I did not answer. My throat had gone dry as my panic began to rise again.

“Naturally, I had to know for sure what you were. I arranged to meet you, through our mutual friend Dr. Pierce. I corresponded with him for months, waiting for the chance to see for myself what you could do. I was the one who appealed to the college board to allow the investigation of the library. I found them to be highly persuadable, once I had donated enough money to their institution. I was also the one who planted the spirit there that would prove what you were.”

My mind flew immediately to Evan, for whom I had not been able to spare a thought in weeks. It couldn’t be. It wasn’t possible. How could Evan and Neil be connected? But then my eyes fell on Neil’s long black robe, and it clicked.

“William—the ghost who tried to cross through me in the bathroom—he wasn’t really from the Swords Brotherhood, was he?”

“Very astute, Miss Ballard. You’ve seen by now how we can control them.  A simple casting in a quiet corner of the library, and William provided me with all the proof I needed. It was much easier to test your abilities than your sister’s, since she was locked away. When I had ascertained you were indeed the pair we had been waiting so long for, I contacted Lucida. And of course, she dropped in on you that very night.”

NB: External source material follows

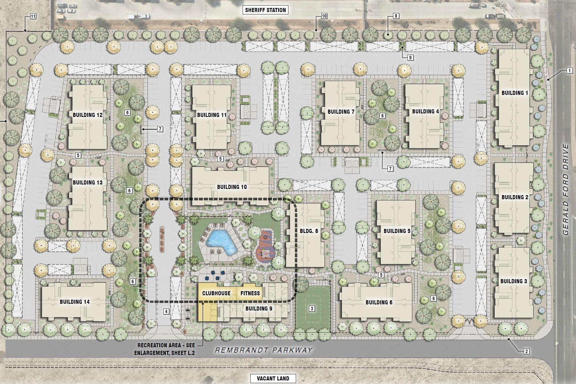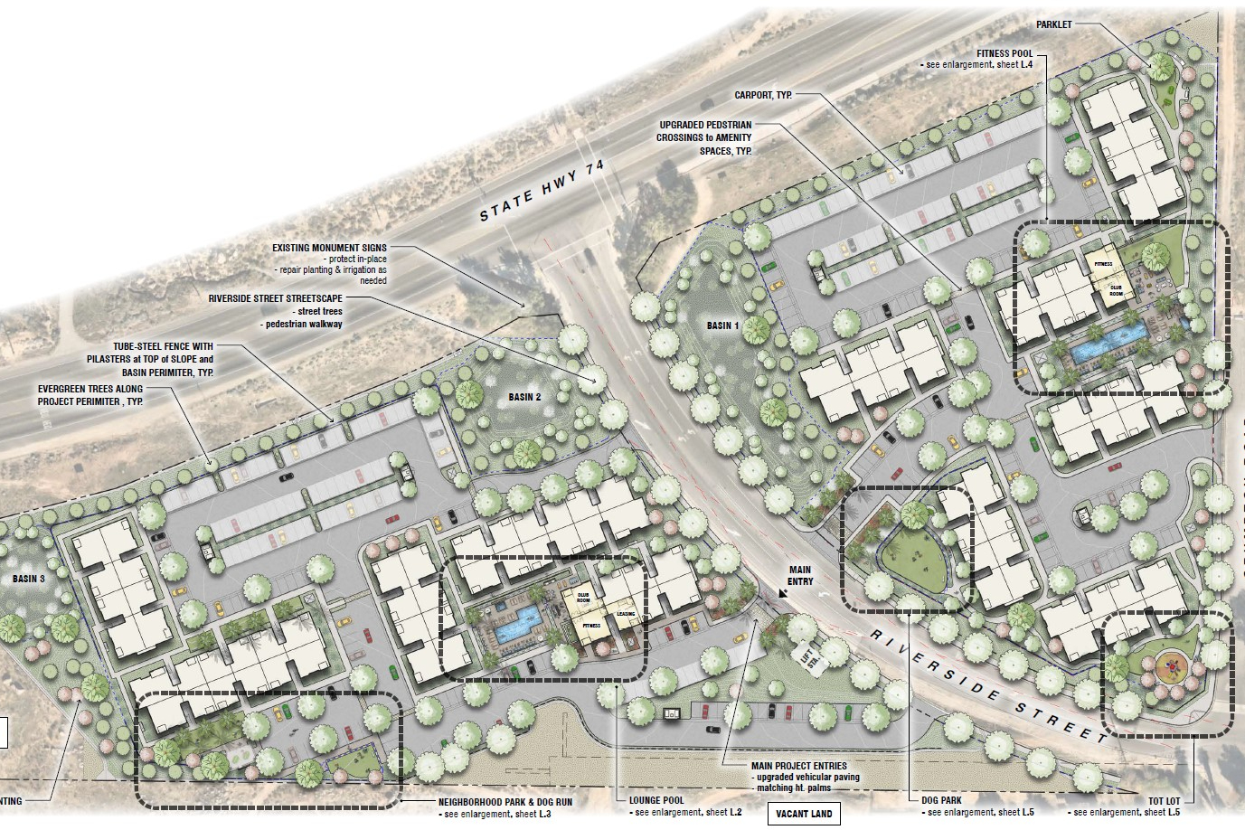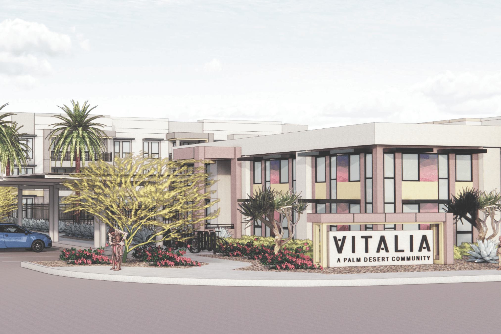VITALIA APARTMENTS is a 270 unit 100% affordable housing development featuring 2 and 3-story walkup products in Palm Desert, California. An amenity core with dog park, swimming pool, shaded picnic area and children’s play area is connected to the community with landscaped pedestrian paseos. Plant material and site design has been selected to respond to desert climates and conditions.

I could feel the anger splashing itself across my cheeks. To know that he had been pulling the strings for so long caused a wave of hatred so intense that it sickened me.

“We had to bide our time, though,” he went on, sighing. “We had to give you both the chance to test and grow your abilities. We needed to determine which of you was the Caller, and therefore which of you we required. We were lucky that your sister’s powers were so very well developed, so impressive in scope, for it made our decision easy. She was the one we needed to capture; you were the one we needed to destroy.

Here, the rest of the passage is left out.